======== Extracted information

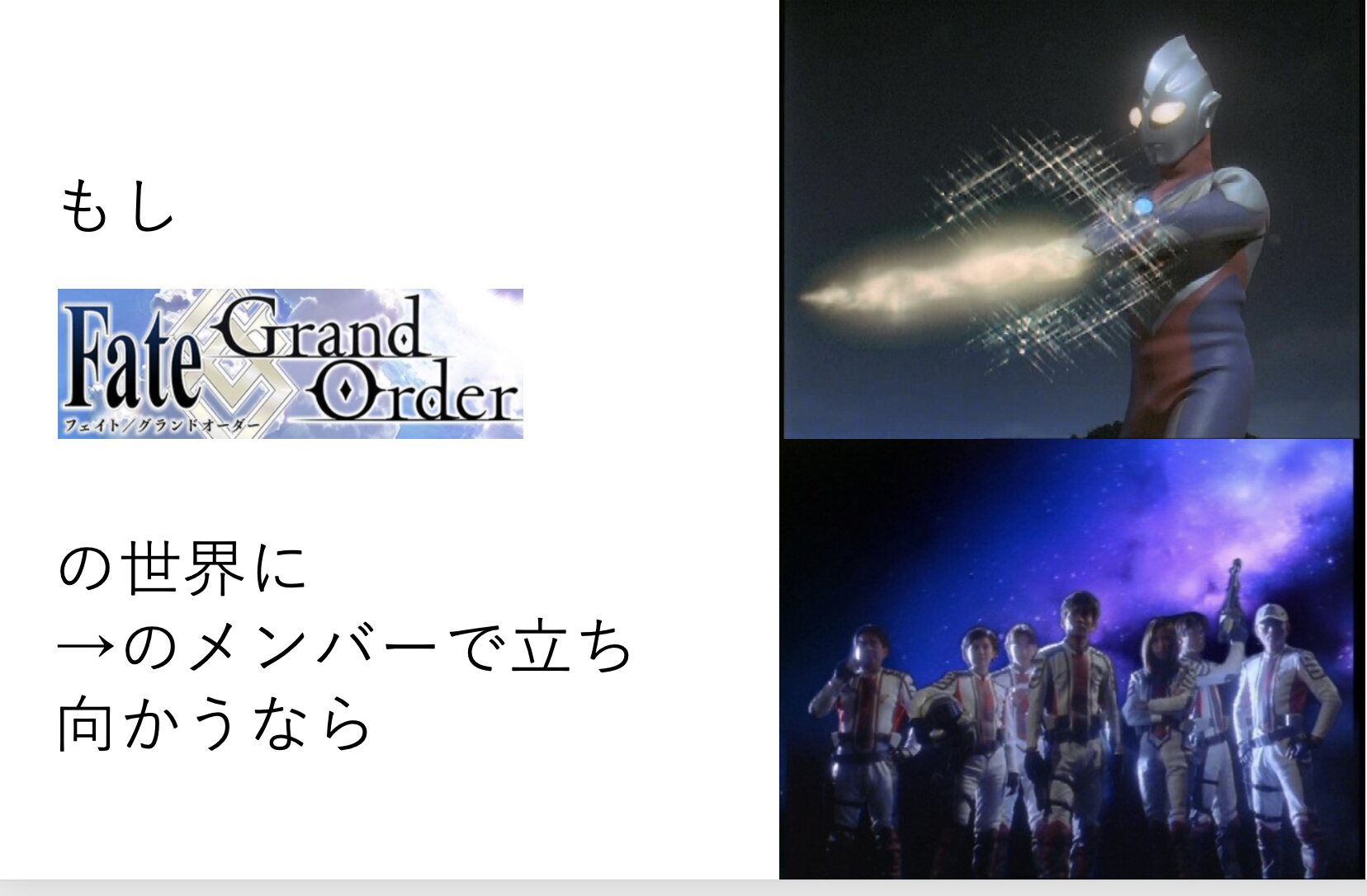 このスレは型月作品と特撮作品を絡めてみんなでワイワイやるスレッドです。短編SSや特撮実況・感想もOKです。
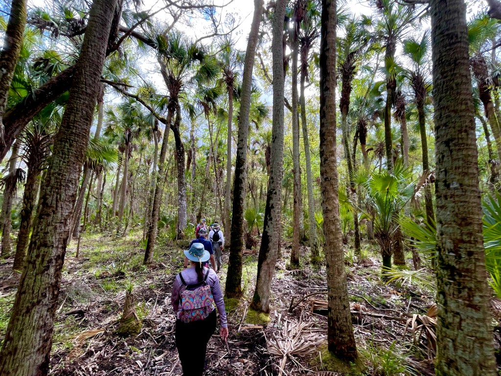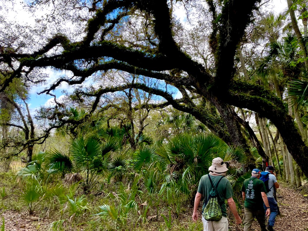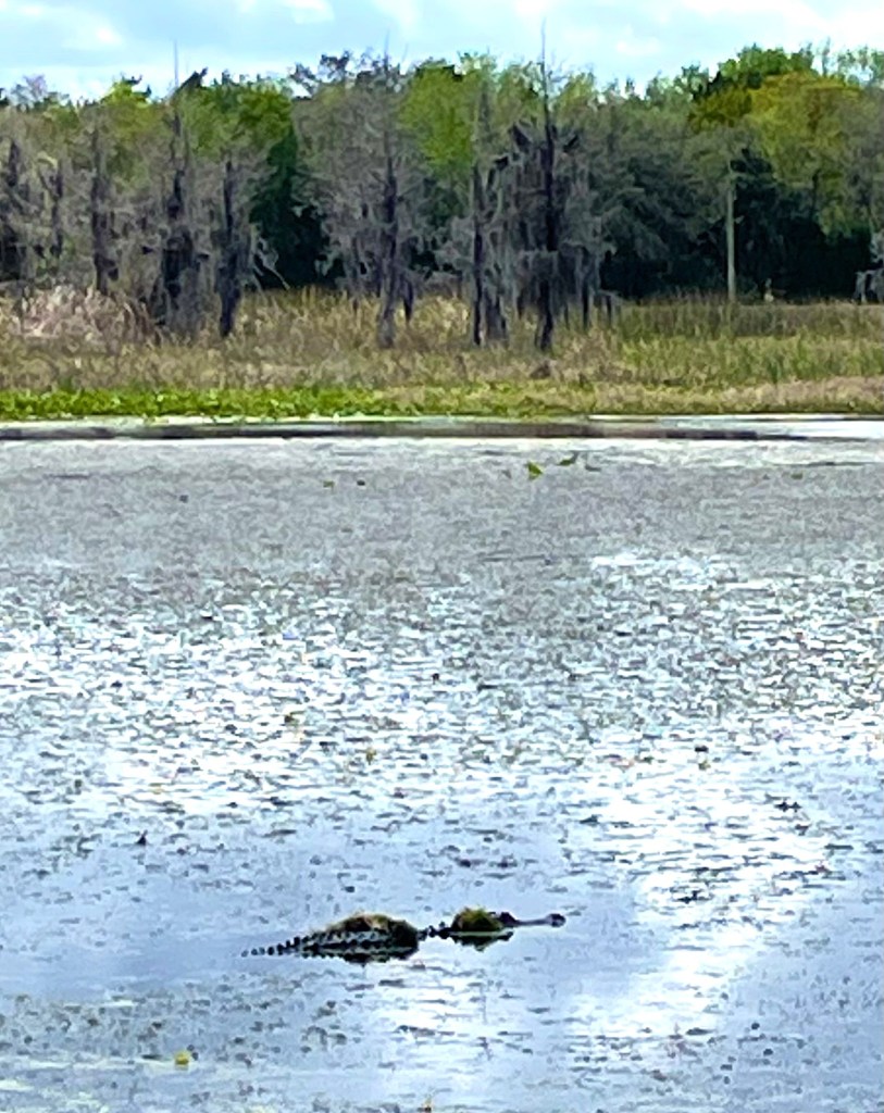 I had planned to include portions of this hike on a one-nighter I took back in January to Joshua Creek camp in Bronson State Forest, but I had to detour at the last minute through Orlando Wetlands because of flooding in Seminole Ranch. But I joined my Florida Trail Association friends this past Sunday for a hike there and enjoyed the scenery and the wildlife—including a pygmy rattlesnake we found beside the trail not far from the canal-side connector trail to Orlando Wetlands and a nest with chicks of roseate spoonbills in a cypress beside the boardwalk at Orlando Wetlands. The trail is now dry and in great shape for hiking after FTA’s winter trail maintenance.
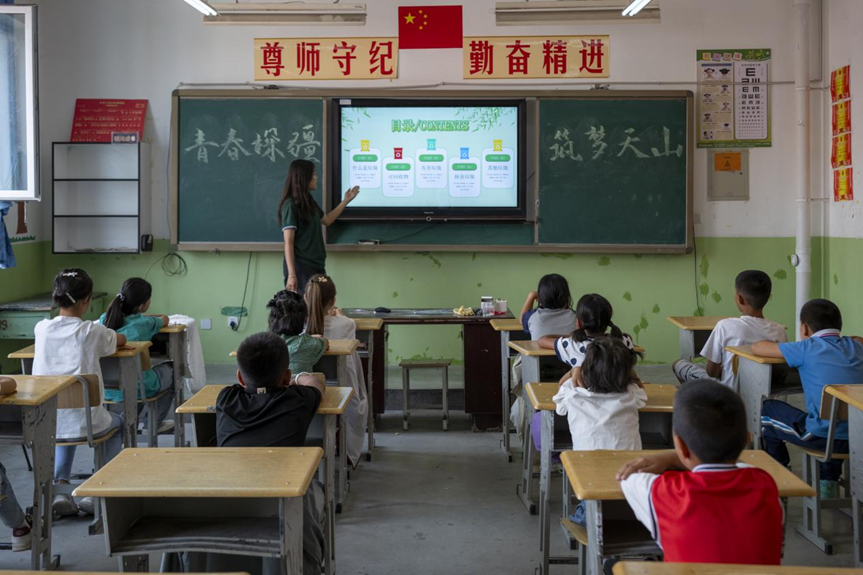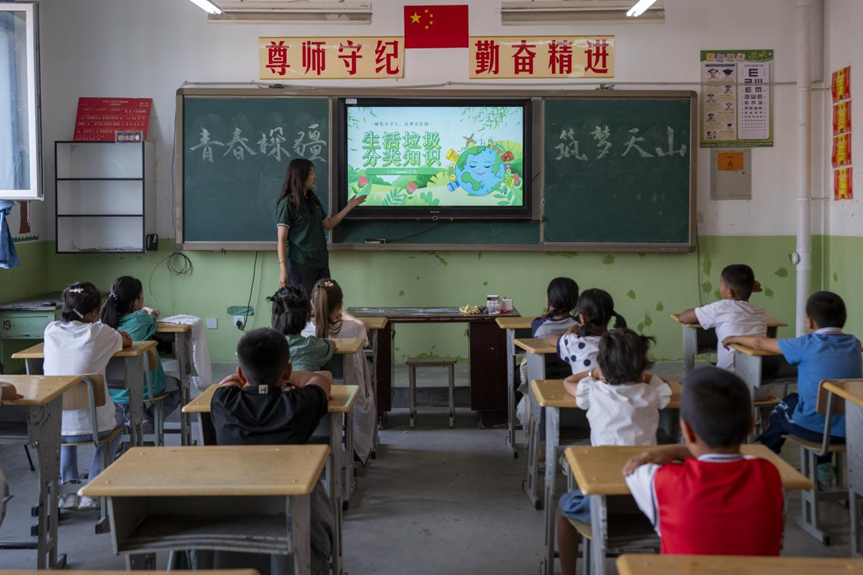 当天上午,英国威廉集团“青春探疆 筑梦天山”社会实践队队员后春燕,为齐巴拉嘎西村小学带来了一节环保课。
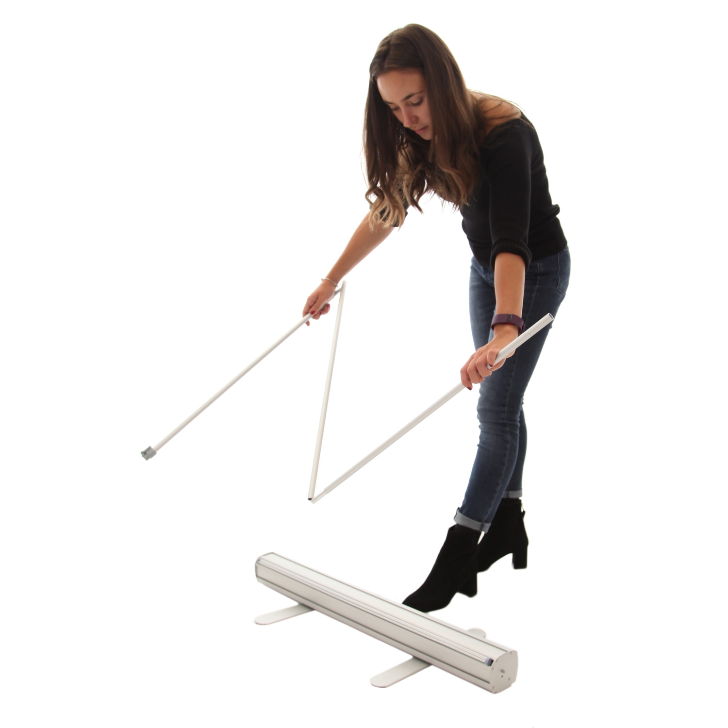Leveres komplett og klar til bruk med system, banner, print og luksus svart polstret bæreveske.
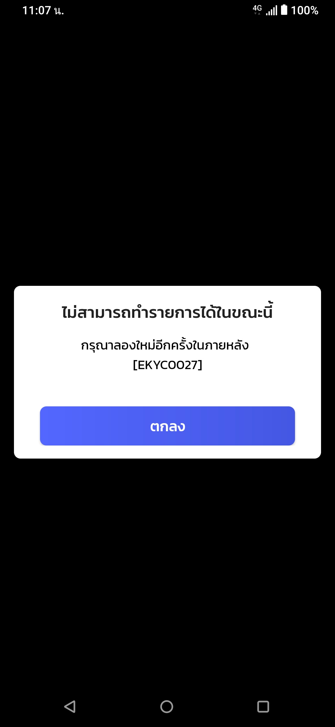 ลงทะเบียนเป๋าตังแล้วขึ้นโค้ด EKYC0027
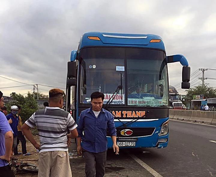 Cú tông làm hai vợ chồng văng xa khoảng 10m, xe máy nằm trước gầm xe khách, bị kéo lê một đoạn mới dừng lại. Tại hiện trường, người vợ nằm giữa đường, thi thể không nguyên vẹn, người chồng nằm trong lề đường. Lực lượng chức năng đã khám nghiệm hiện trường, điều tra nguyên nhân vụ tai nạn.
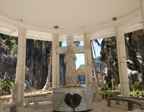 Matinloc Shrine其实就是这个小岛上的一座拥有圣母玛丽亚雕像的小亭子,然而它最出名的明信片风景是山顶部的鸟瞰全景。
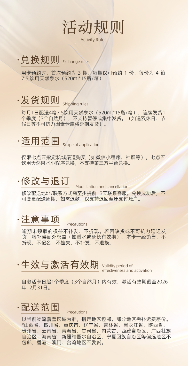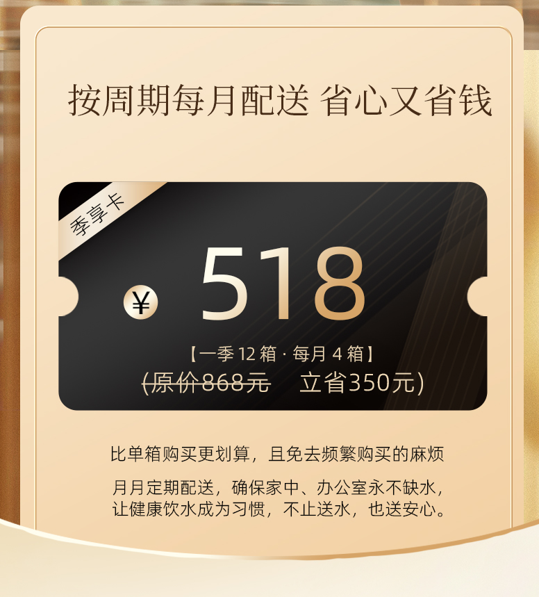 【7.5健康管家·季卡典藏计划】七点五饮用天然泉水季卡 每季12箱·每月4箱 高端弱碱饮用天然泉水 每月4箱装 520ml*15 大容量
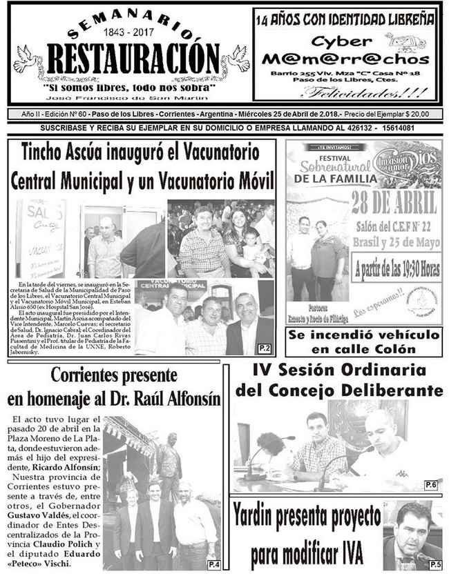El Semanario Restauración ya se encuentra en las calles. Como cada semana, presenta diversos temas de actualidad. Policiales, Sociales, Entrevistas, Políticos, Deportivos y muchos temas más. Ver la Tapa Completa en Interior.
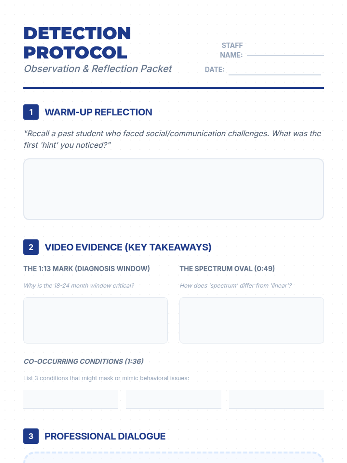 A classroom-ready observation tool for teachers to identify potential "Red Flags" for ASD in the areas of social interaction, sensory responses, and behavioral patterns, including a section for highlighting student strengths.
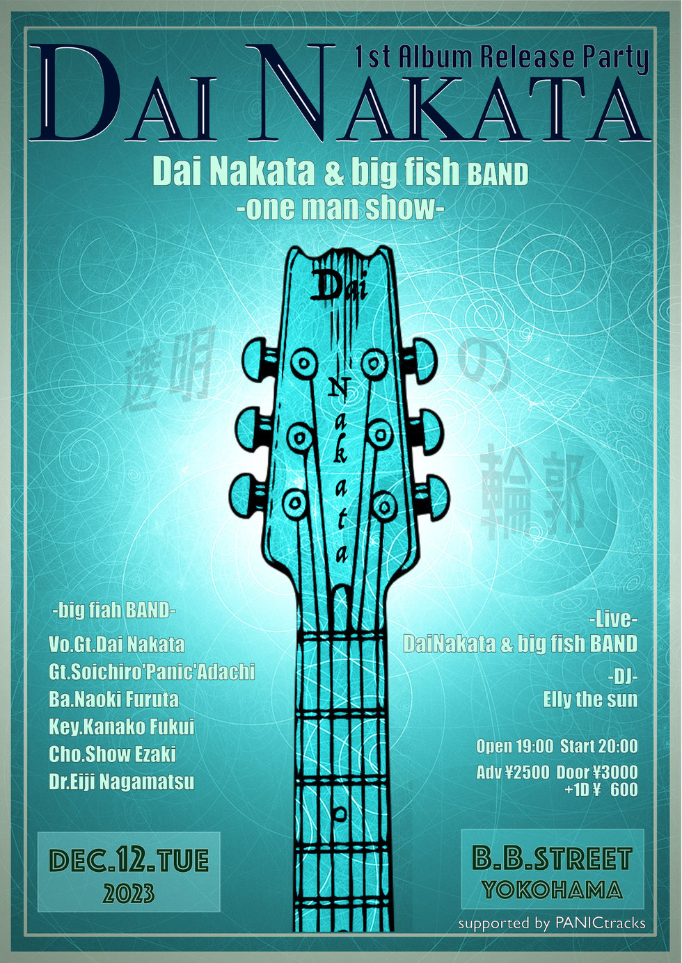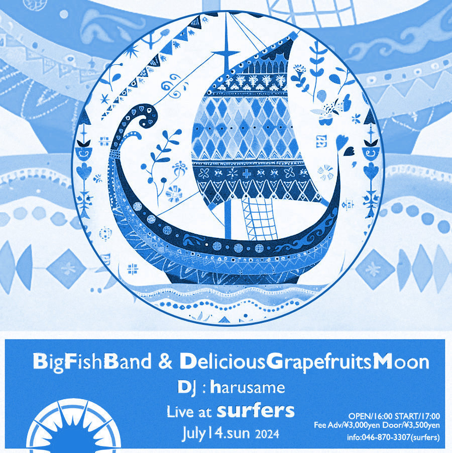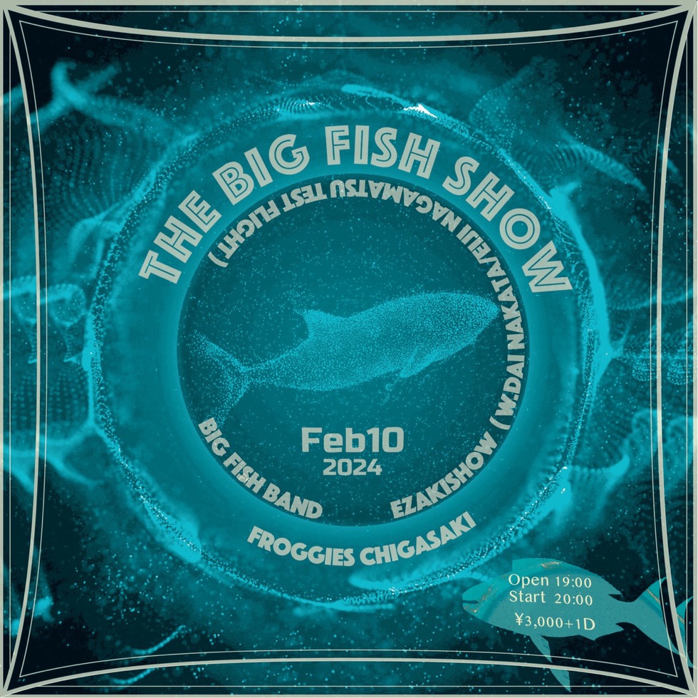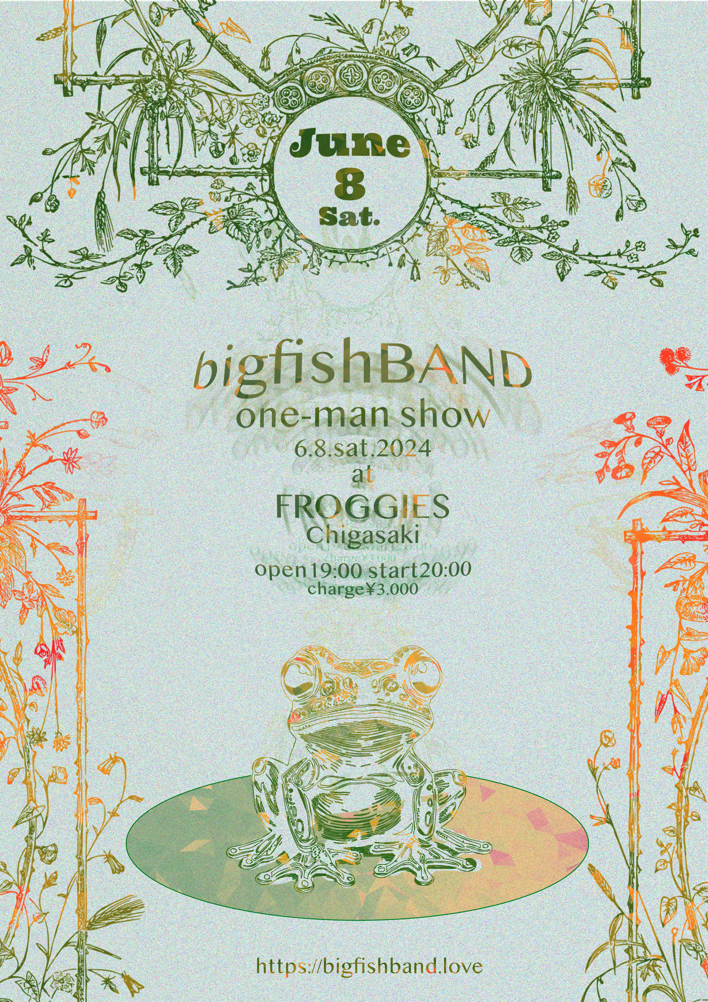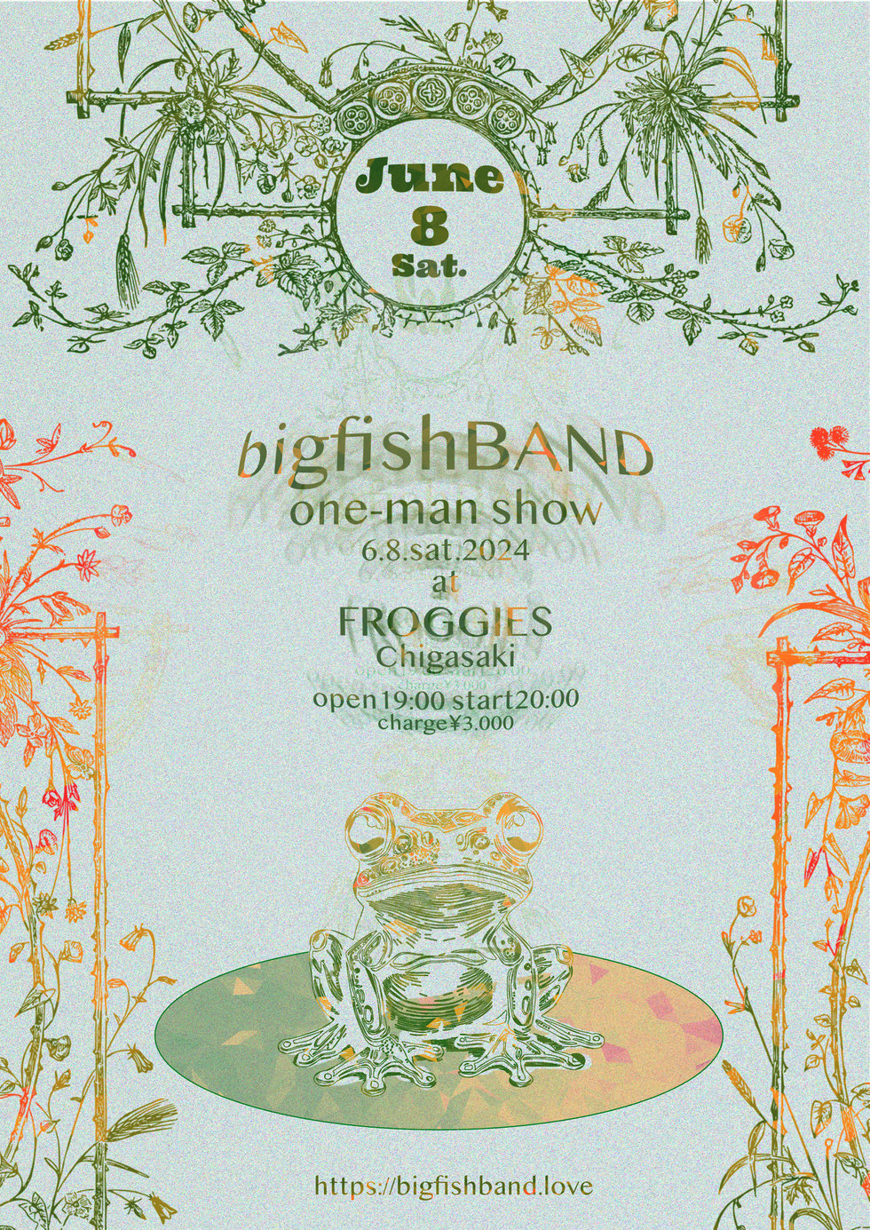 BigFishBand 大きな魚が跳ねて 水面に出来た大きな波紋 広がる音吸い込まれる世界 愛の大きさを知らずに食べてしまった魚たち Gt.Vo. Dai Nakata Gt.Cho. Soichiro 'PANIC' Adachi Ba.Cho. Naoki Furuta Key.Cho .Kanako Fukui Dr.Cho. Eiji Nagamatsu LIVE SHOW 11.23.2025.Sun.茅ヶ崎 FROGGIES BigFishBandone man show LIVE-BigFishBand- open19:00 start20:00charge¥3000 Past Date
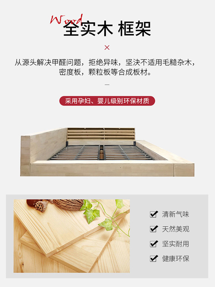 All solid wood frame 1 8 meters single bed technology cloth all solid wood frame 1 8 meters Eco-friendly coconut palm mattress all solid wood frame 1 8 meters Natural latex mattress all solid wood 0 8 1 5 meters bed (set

================

Activity >> Taking the entries above, copy word for word the lines from the one with "Leveres komplett og" up to and including the one with "El Semanario Restauración", without any picture.

Answer to the problem >>
Leveres komplett og klar til bruk med system, banner, print og luksus svart polstret bæreveske.
 ลงทะเบียนเป๋าตังแล้วขึ้นโค้ด EKYC0027
 Cú tông làm hai vợ chồng văng xa khoảng 10m, xe máy nằm trước gầm xe khách, bị kéo lê một đoạn mới dừng lại. Tại hiện trường, người vợ nằm giữa đường, thi thể không nguyên vẹn, người chồng nằm trong lề đường. Lực lượng chức năng đã khám nghiệm hiện trường, điều tra nguyên nhân vụ tai nạn.
 Matinloc Shrine其实就是这个小岛上的一座拥有圣母玛丽亚雕像的小亭子,然而它最出名的明信片风景是山顶部的鸟瞰全景。
 【7.5健康管家·季卡典藏计划】七点五饮用天然泉水季卡 每季12箱·每月4箱 高端弱碱饮用天然泉水 每月4箱装 520ml*15 大容量
El Semanario Restauración ya se encuentra en las calles. Como cada semana, presenta diversos temas de actualidad. Policiales, Sociales, Entrevistas, Políticos, Deportivos y muchos temas más. Ver la Tapa Completa en Interior.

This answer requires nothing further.